# Cannot Install ROMs on Bionic



## integra00r (Jul 16, 2012)

So the other day I rooted my Bionic that has been updated to the latest version (0.905), and I installed Bootstrap so that I could begin installing Eclipse v3.0 on my phone. However, when I go to install the ROM from Bootstrap, I can't seem to locate the .zip. First, it couldn't find it within my download folder, so I moved it straight to the SD card. My Bionic still cannot find the .zip. I was wondering if there was any other way I could install Eclipse, because I would really like to run ICS.


----------



## freddy0872 (Aug 8, 2011)

integra00r said:


> So the other day I rooted my Bionic that has been updated to the latest version (0.905), and I installed Bootstrap so that I could begin installing Eclipse v3.0 on my phone. However, when I go to install the ROM from Bootstrap, I can't seem to locate the .zip. First, it couldn't find it within my download folder, so I moved it straight to the SD card. My Bionic still cannot find the .zip. I was wondering if there was any other way I could install Eclipse, because I would really like to run ICS.

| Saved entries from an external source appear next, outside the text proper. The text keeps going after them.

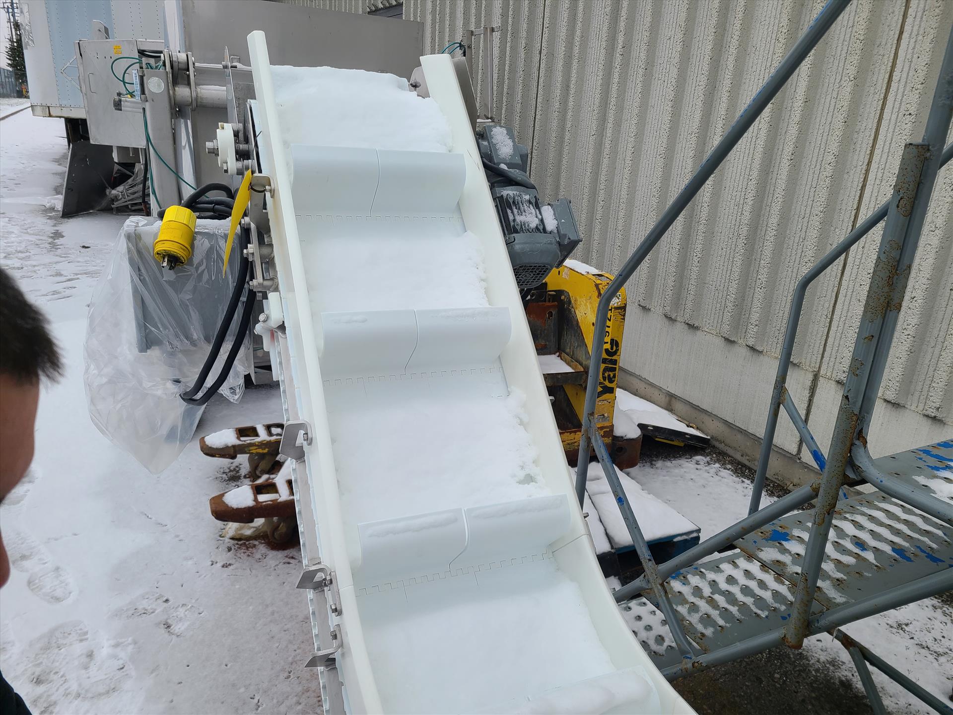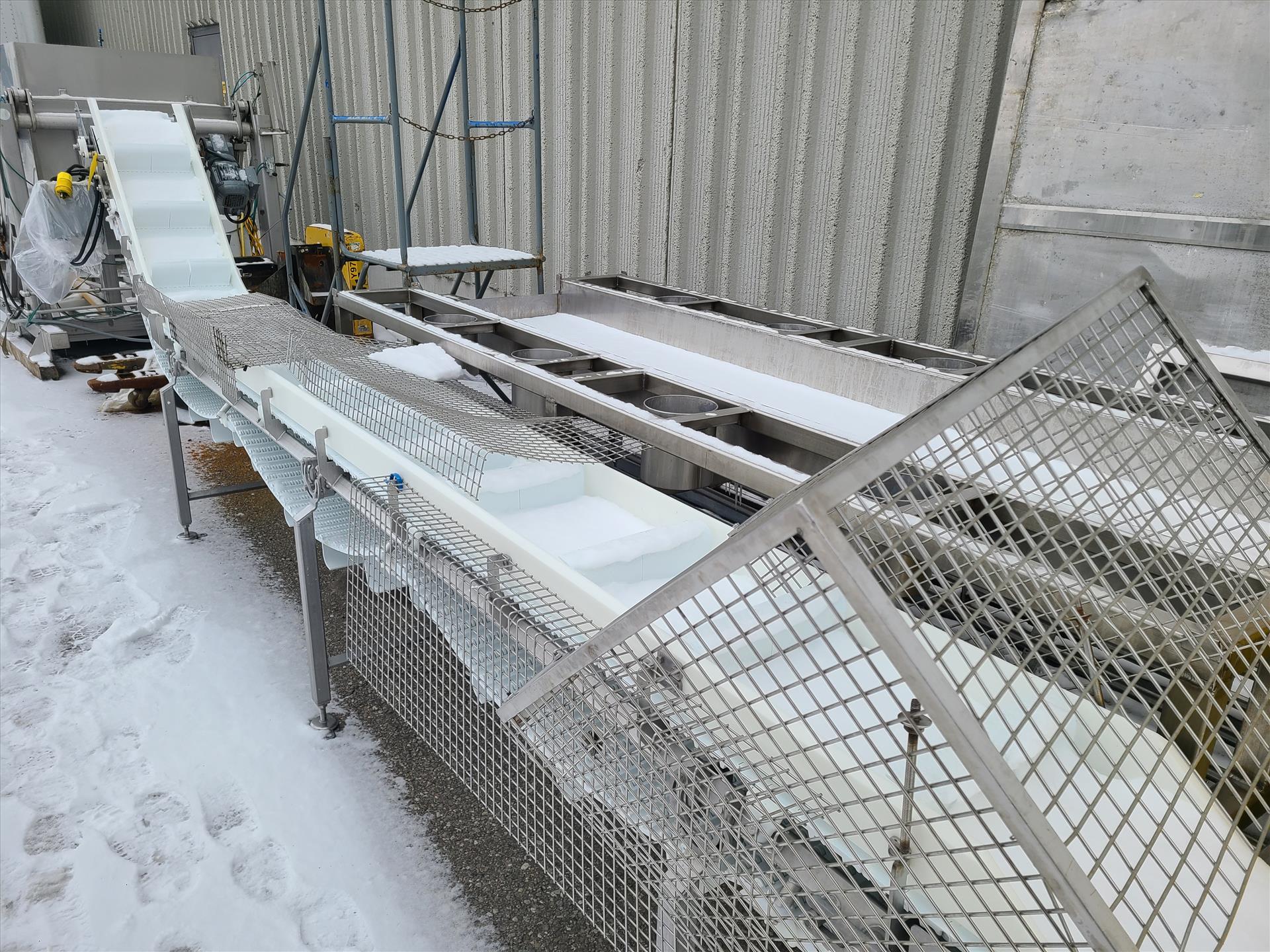 discharge conveyor, approx. 16 ft. x 12 in. stainless steel frame [MLF Bradford Plant - 65 Reagens Industrial Pkwy, Bradford, ON]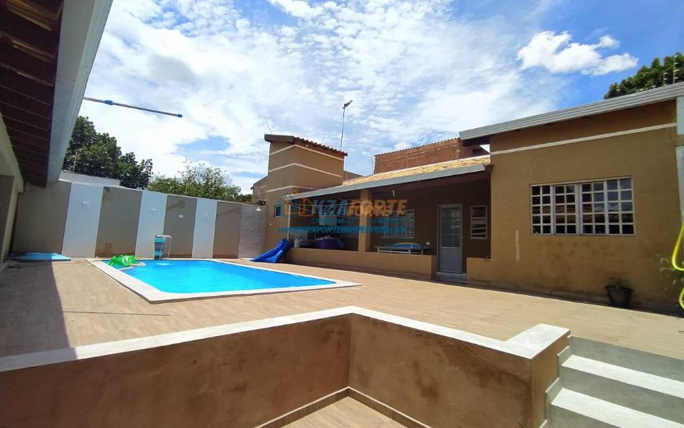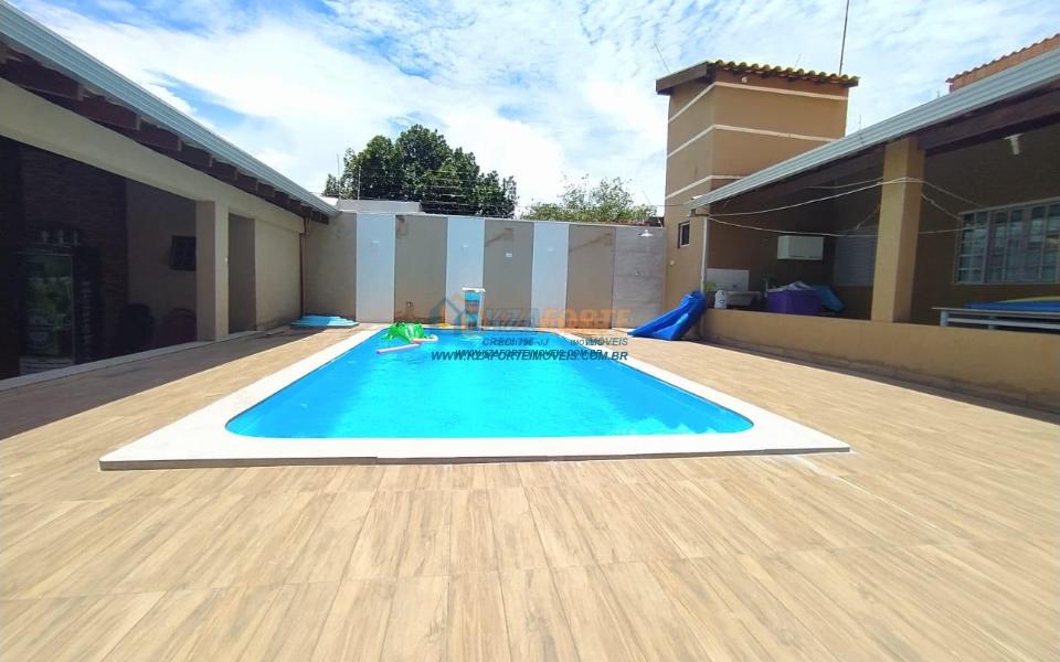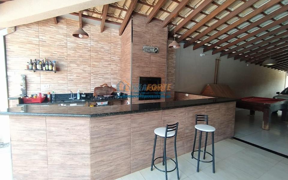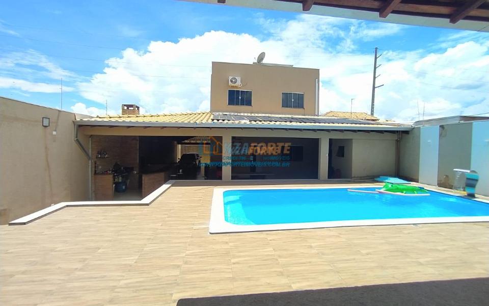 Sala 2 ambientes, 1 quarto no térreo, piso superior contendo 1 suíte master com sacada, banheiro social no térreo e piso superior. Edícula com forro em gesso, piscina medindo 7x3,5 com aquecedor e hidromassagem.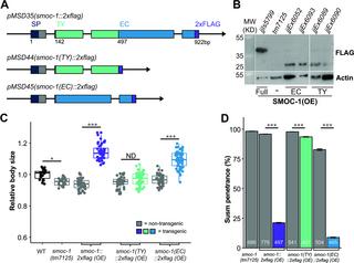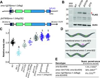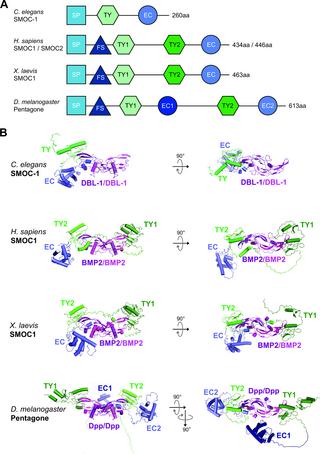 SMOC-1 interacts with both BMP and glypican to regulate BMP signaling in C. elegans.

Double check your sdcard and sdcard-ext in bootstrap.
Personally safe strap works much safer in case something goes wrong. Like a nuclear explosion! JK

U might be browsing the wrong SD card. Sdcard-next is ur actual removable card. Sdcard is the built-in storage. Lemmy kno what u find there. 
Also look into the ICS leaks! They run perfectly!

Sent from my iced out XT875 using Tapatalk 2


----------



## recall (Jul 16, 2012)

hi thanks for your information


----------



## TragicRemedy (Oct 6, 2011)

Just an FYI... eclipse 3.0 is based on gb aka 905. To get on ICS you have to install a leak.


----------